Global Internet traffic dipped by 40 percent when Google experienced a complete blackout, web analytics firms have claimed.
All of Google's services – including Search, Gmail, and YouTube – went down briefly during the blackout on Friday evening, leaving users in the dark and unable to access them for what the firm's Apps Status Dashboard claimed was between one and five minutes.
A message on the Google Apps Dashboard at the time said that all of its services were hit.
"We're aware of a problem with Gmail affecting a significant subset of users," Google reported. "The affected users are able to access Gmail, but are seeing error messages and/or other unexpected behaviour."
Another message appeared later, which read:
"Between 15:51 and 15:52 PDT, 50 to 70 percent of requests to Google received errors; service was mostly restored one minute later, and entirely restored after four minutes."
Although Google was down for less than five minutes, it seems that the Internet as a whole suffered greatly as a result.

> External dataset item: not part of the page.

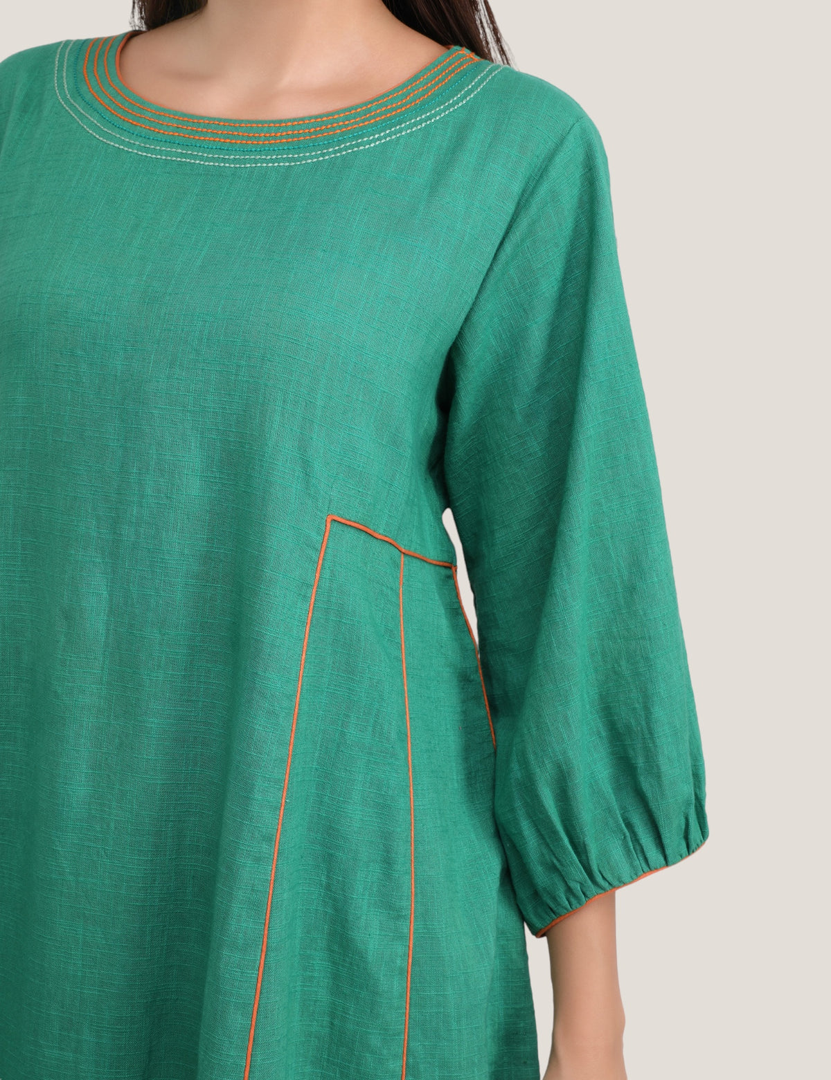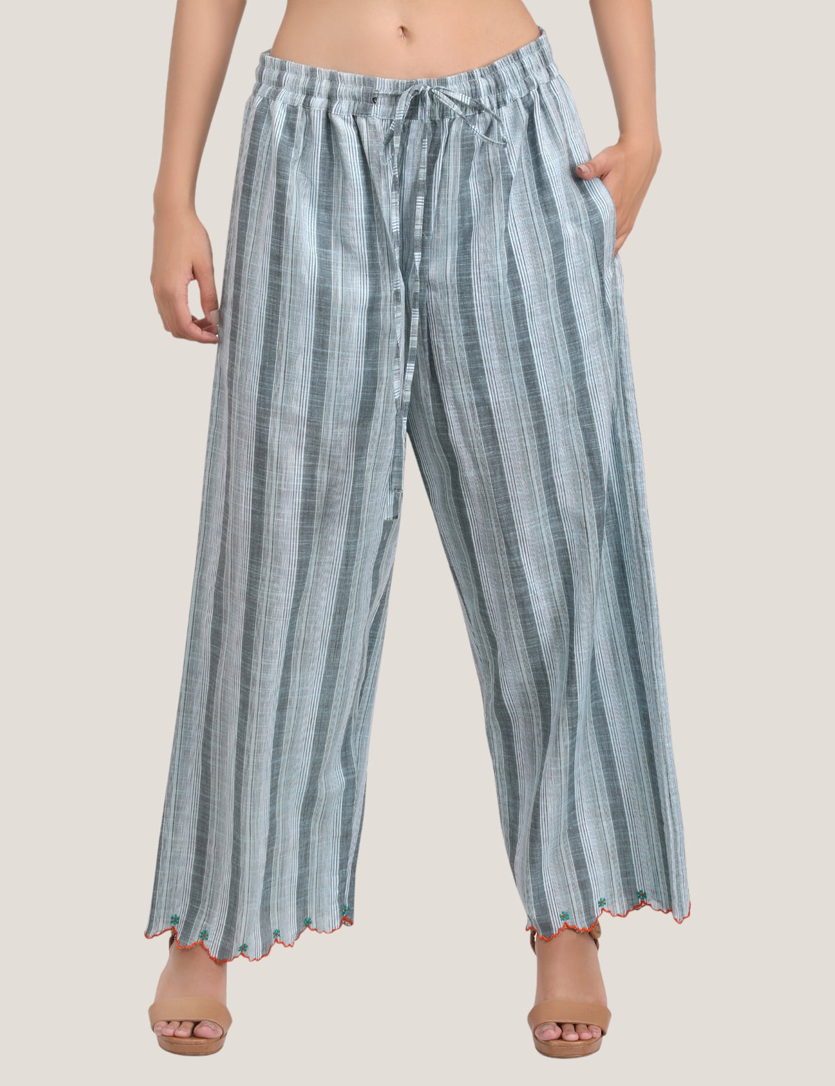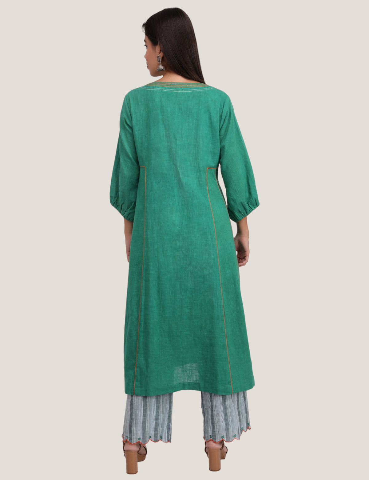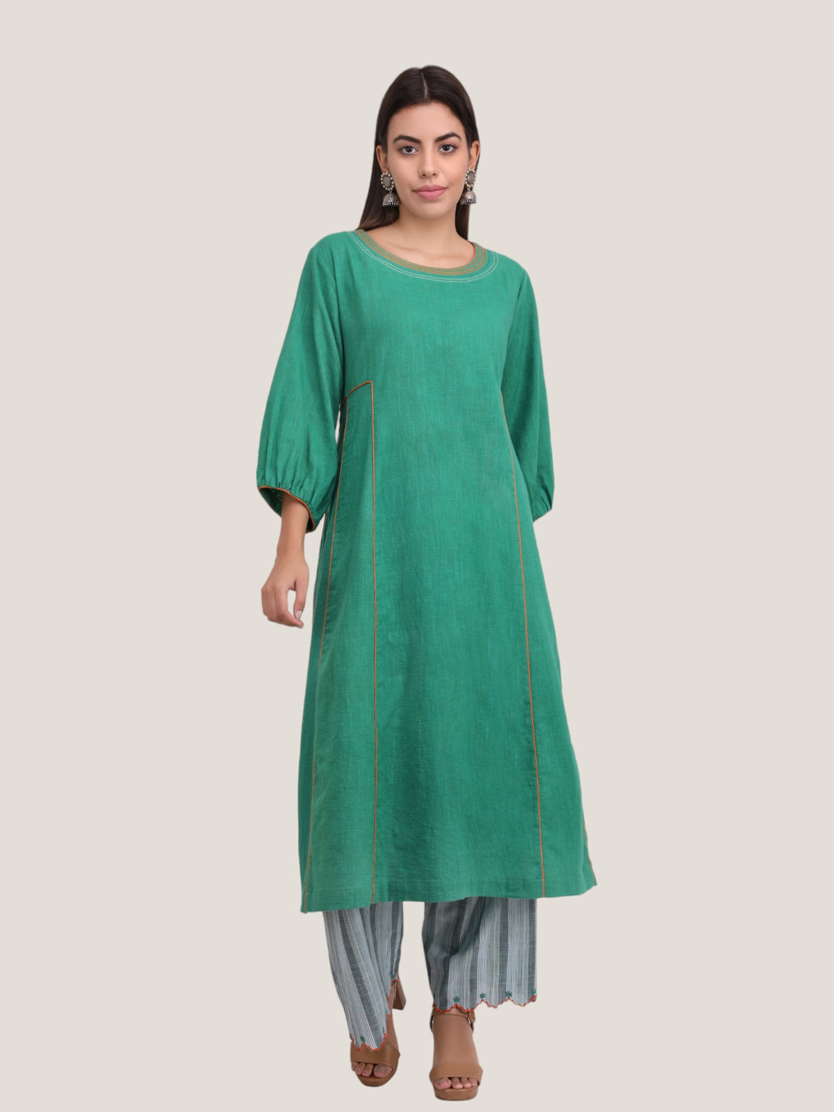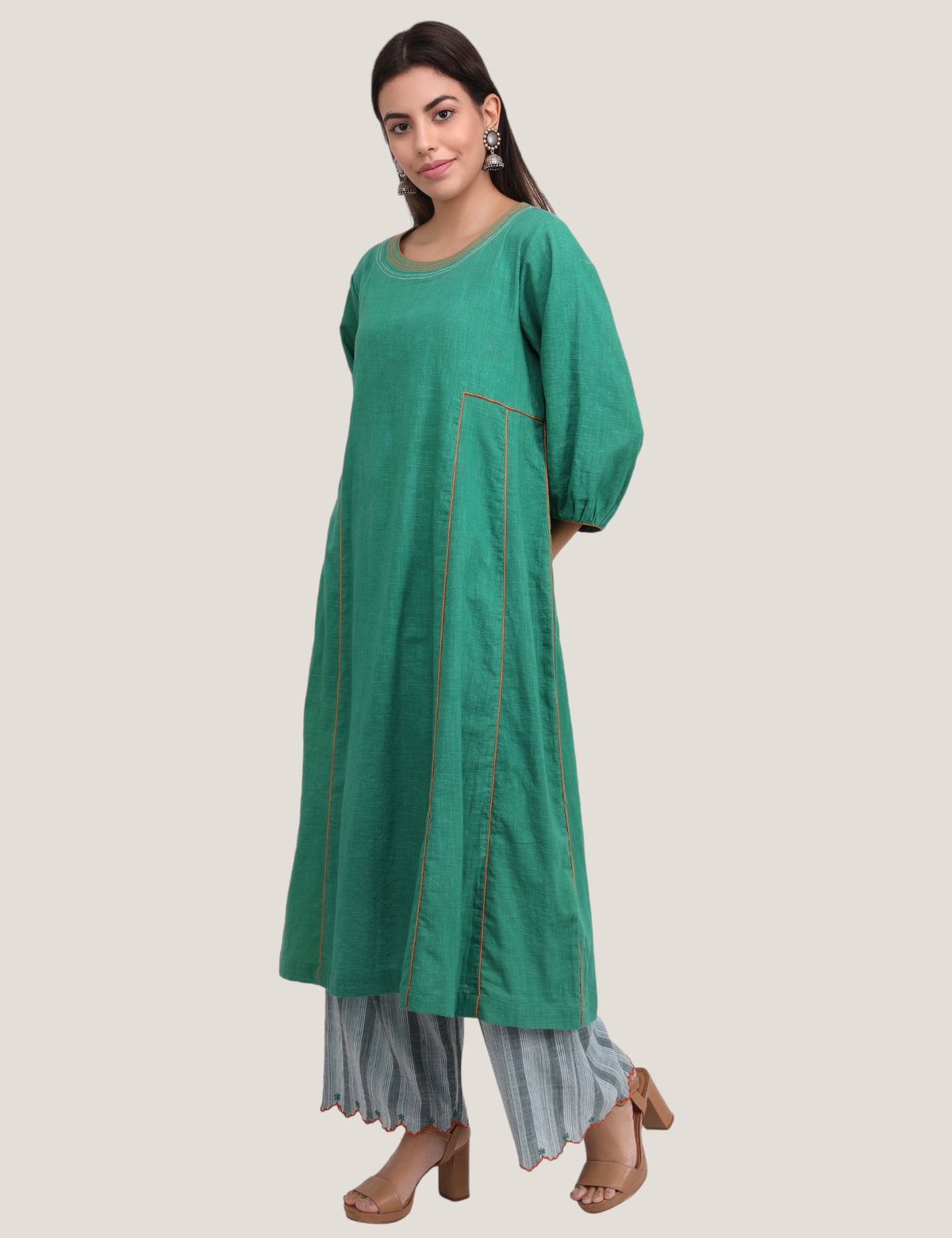 Long kurta in pure slub cotton featuring side panels Round neck accentuated with thread stitching 3/4th sleeves Contrast colour piping at the panels, sleeves and neck Paired with pure cotton striped palazzo featuring scalloped and booti at the hem Kurta length- 46" Sleeves length- 18" Palazzo length- 38" Fabric- Pure slub cotton and pure cotton Wash & Care- Handwash with mild detergent Handmade in India Note: The subtle imperfections and variations in the weave, texture, embroidery and colours are a natural outcome of a handcrafted product and not a defect.

"This had a huge effect in the number of pageviews coming into [our] real-time tracking – around a 40 percent drop, as this graph of our global pageviews per minute shows," web analytics firm Gosquared said. "That's huge. As Internet users, our reliance on google.com being up is huge. It's also of note that pageviews spiked shortly afterwards, as users managed to get to their destination."
It's suspected that ithe blackout has cost the Internet services firm a fair amount of money. Google refused to comment about why the blackout occurred.